- _Directions for this task_: Output each line exactly as written, from the first line of the records to the line bearing "O Açougue Vegano", inclusive, while leaving every picture out.

- _Data_:
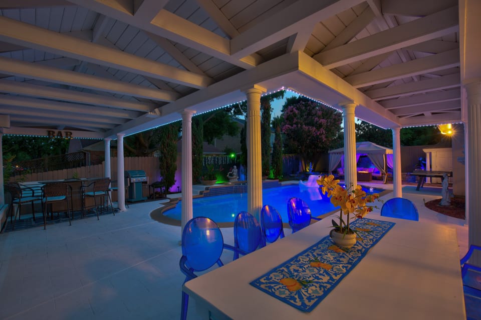 Experience a unique blend of Southern serenity and unforgettable fun at this stunning Rowlett vacation rental! Located near Lake Ray Hubbard, this 4-bedroom, 2-bath house offers convenient proximity to local marinas, golfing, and parks. Enjoy some water fun or stay put and take advantage of 'The Mermaid Cove’s' private pool, fireplace, poolside ping-pong table, and light-up foosball table w/ effects & music. Watch a classic on the projector while enjoying the popcorn and snow cone machines!
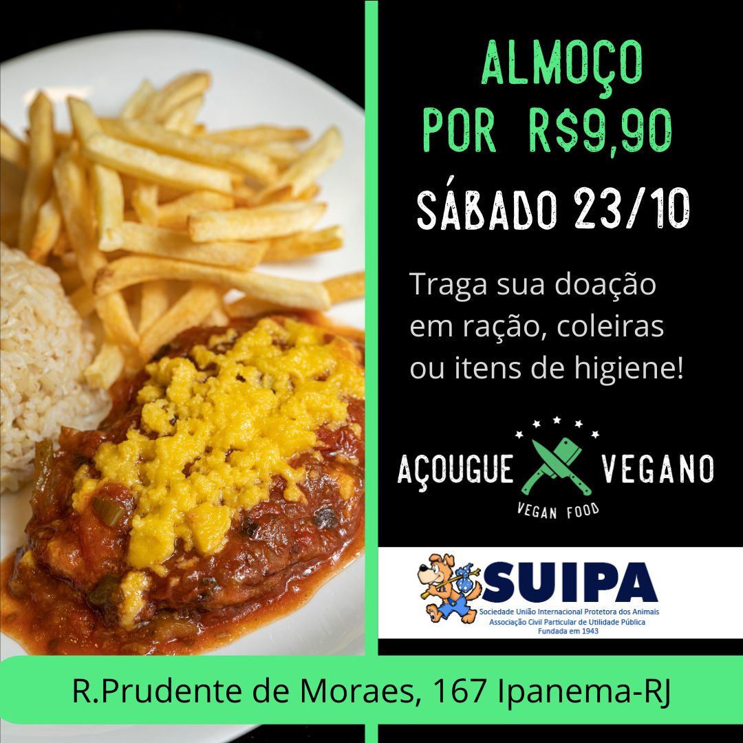 O Açougue Vegano realizará um Almoço Solidário para arrecadação de doações para a SUIPA no dia 23/10.
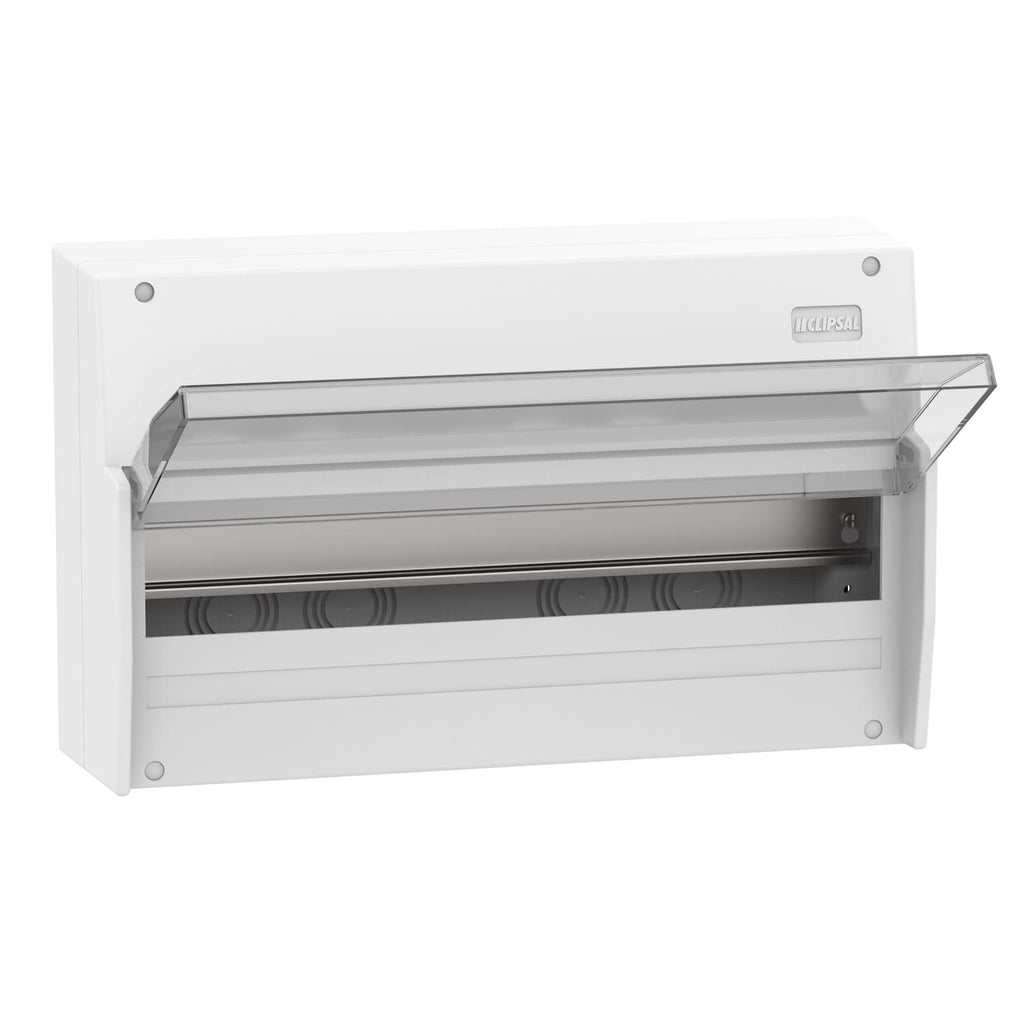 Clipsal MAX9 240/415V AC 1 Row 17 Modules Surface Mounted Switchboard Enclosure is made of high quality material. Removable DIN rail brings to help organise the cables in position before mounting the devices. Ample earth and neutral terminals to suit typical configurations and comply to men type system. Position of door on left or right for multirow row enclosures brings adaptability in tight corners. Reversible back box for multirow enclosures allows flexibility to choose the position on earth/neutral bar to your style.
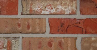 The Blend 77 King brick, manufactured by Commercial Brick Company (CBC) is a extruded Brick and red in colour with a heavy texture with face creases/dimpled, slurry (white coating), tan/gray shading, hearting, white powder flash, flashed, tumbled and orange shading.
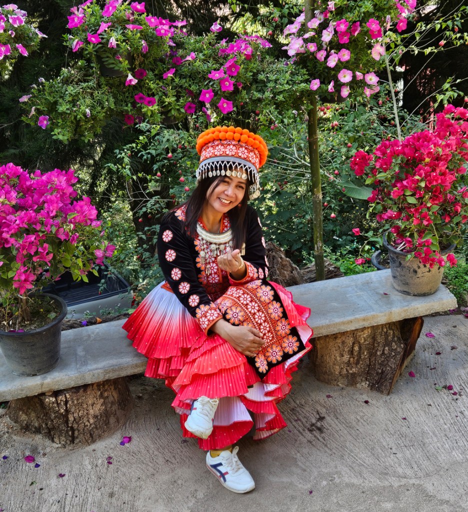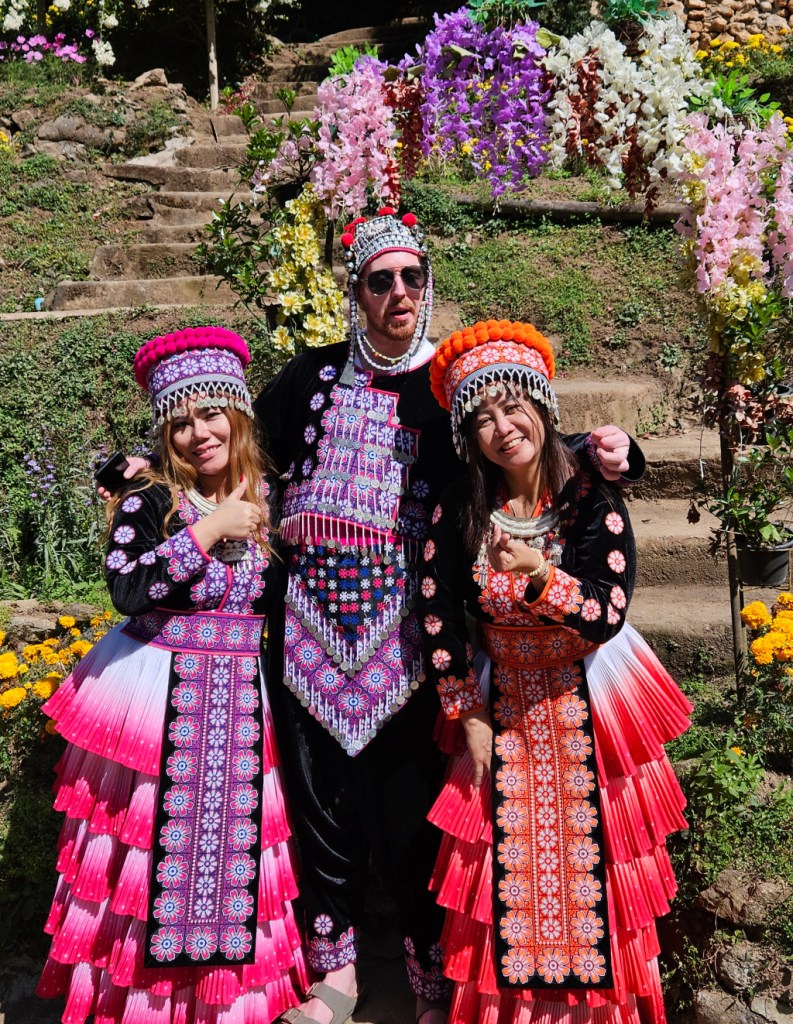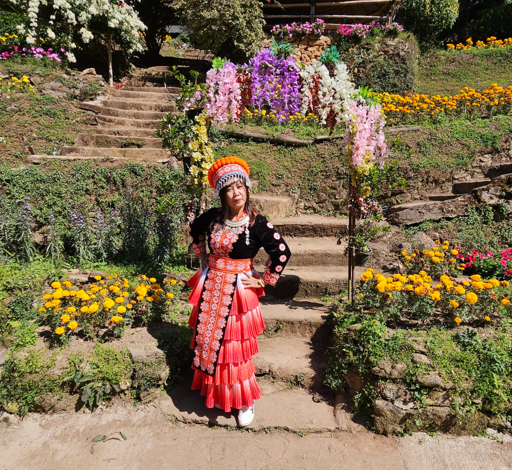 So on to the Hmong hilltribe village. This village has become more and more popular, and it seems to me that there is little “authentic” about it. It is now a means of selling to tourists. There are some large gardens to see, but mostly it is clothing and food stalls. At one place, you can put on authentic traditional Hmong hill tribe dress clothing and have that on for your photo opportunities. Mukda, Yui, and Laurence all got dressed up. I was not into it and passed, opting instead to take many, many photos of them in their tribal dress. Here are a couple:
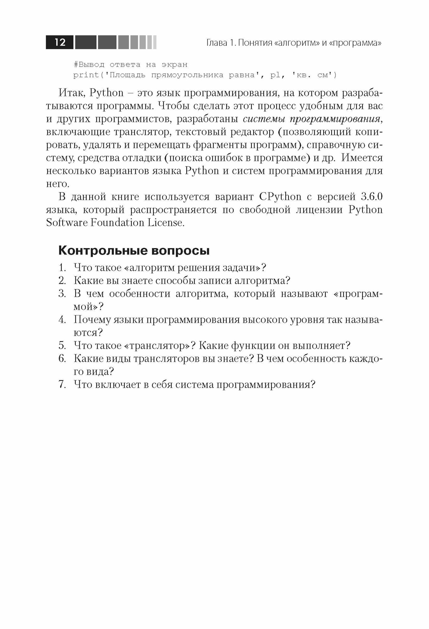 Если вы хотите научиться программировать на языке Python, который в последнее время становится популярным у нас в стране и за рубежом, то эта книга - для вас. В ней рассматриваются особенности разработки компьютерных программ и соответствующие инструкции языка Python, основные структуры данных этого языка (строки, списки, словари, файлы), типовые задачи программирования и методы их решения, а также вопросы совершенствования программы на основе использования функций. Впервые системно и популярно изложена методика разработки программ на языке Python с графическим пользовательским интерфейсом.
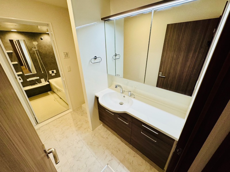 | 設備 | ガス(都市ガス)、インターホン(TVモニター付き)、防犯カメラ、オートロック、宅配ボックス、専用ゴミ置き場(24Hゴミ出し可)、駐輪場、バイク置き場、日当り良好、眺望良好、全室向き(南向き)、南向き部屋数(2室)、南向きリビング、通風良好、フローリング、全居室フローリング、照明器具、ベランダ・バルコニー、クローゼット、クローゼット数(3)、全居室収納、物置、下駄箱、バス・トイレ別(別室)、シャワー、追い焚き、浴室乾燥機、オートバス、脱衣所、温水洗浄便座、洗面所独立、シャンプードレッサー、三面鏡付き洗面化粧台、洗面所にドア、洗濯機置き場(室内)、コンロ設置済、コンロ口数(3)、コンロ種類(都市ガス)、グリル、ガラストップコンロ、システムキッチン、カウンターキッチン、対面キッチン、エアコン、24H換気システム、BS、CS、CATV、有線、光ファイバー、CATVインターネット、LAN、ISDN、インターネット使用料無料 | ||

- _Finished exercise_:
 Experience a unique blend of Southern serenity and unforgettable fun at this stunning Rowlett vacation rental! Located near Lake Ray Hubbard, this 4-bedroom, 2-bath house offers convenient proximity to local marinas, golfing, and parks. Enjoy some water fun or stay put and take advantage of 'The Mermaid Cove’s' private pool, fireplace, poolside ping-pong table, and light-up foosball table w/ effects & music. Watch a classic on the projector while enjoying the popcorn and snow cone machines!
 O Açougue Vegano realizará um Almoço Solidário para arrecadação de doações para a SUIPA no dia 23/10.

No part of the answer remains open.